– Rozpoczynamy za chwilę akcję „Uwolnić Wielkanoc”. Zachęcamy wszystkich do współpracy. Będziemy apelowali do polityków o to, żeby pozwolili najważniejsze dla nas, z punktu widzenia wiary święta Zmartwychwstania Pana Jezusa nam świętować. Nikt nie ma prawa nam tego zabraniać – poinformował Robert Bąkiewicz na antenie Mediów Narodowych.
- Robert Bąkiewicz poinformował, że wkrótce ruszy akcja „Uwolnić Wielkanoc”. Ma ona na celu doprowadzenie do możliwości normalnego przeżywania świąt Zmartwychwstania Pańskiego przez wiernych w Polsce.
- 19 marca o godzinie 19:00 z placu Zamkowego w Warszawie ruszy Męska Droga Krzyżowa. – Pamiętajmy o tym, że publiczne zniewagi w stosunku do Boga wymagają też publicznego oddawania mu czci – stwierdził Bąkiewicz.
- Straż Narodowa zgromadziła kilka tysięcy wolontariuszy. Zebrano też kilkaset tysięcy złotych na działalność organizacji.

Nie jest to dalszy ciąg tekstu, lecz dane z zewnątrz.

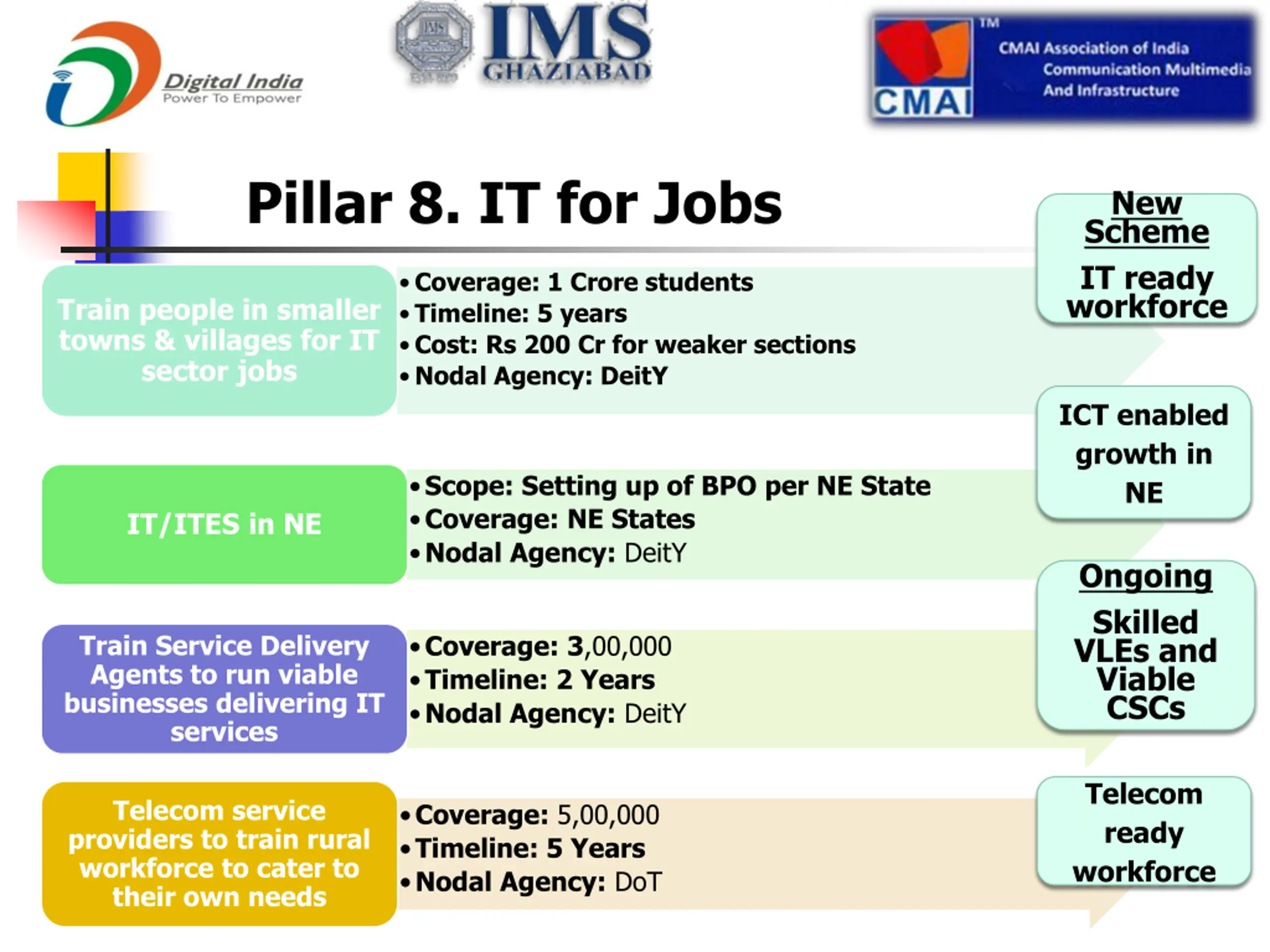 Pillar 8. IT for Jobs New Scheme IT ready workforce Coverage: 1 Crore students Timeline: 5 years Cost: Rs 200 Cr for weaker sections Nodal Agency: DeitY Train people in smaller towns & villages for IT sector jobs ICT enabled growth in NE Scope: Setting up of BPO per NE State Coverage: NE States Nodal Agency: DeitY IT/ITES in NE Ongoing Skilled VLEs and Viable CSCs Train Service Delivery Agents to run viable businesses delivering IT services Coverage: 3,00,000 Timeline: 2 Years Nodal Agency: DeitY Telecom ready workforce Telecom service providers to train rural workforce to cater to their own needs Coverage: 5,00,000 Timeline: 5 Years Nodal Agency: DoT

- Zobacz także: Konserwatyści dyskryminowani na uniwersytetach. Naukowiec przedstawił badania
– Supermarkety, centra handlowe, to wszystko jest pootwierane. Tam nie ma problemu. Tam wirus nie działa. Natomiast w kościołach zaraza się rozprzestrzenia. Oczywiście mówię ironicznie – wyjaśniał powody zainicjowania akcji „Uwolnić Wielkanoc”. – Będziemy jednocześnie apelowali do władz Kościoła, żeby nie uginały się pod presją państwa, żeby zachowały, czy zawalczyły o autonomię – zaznaczył.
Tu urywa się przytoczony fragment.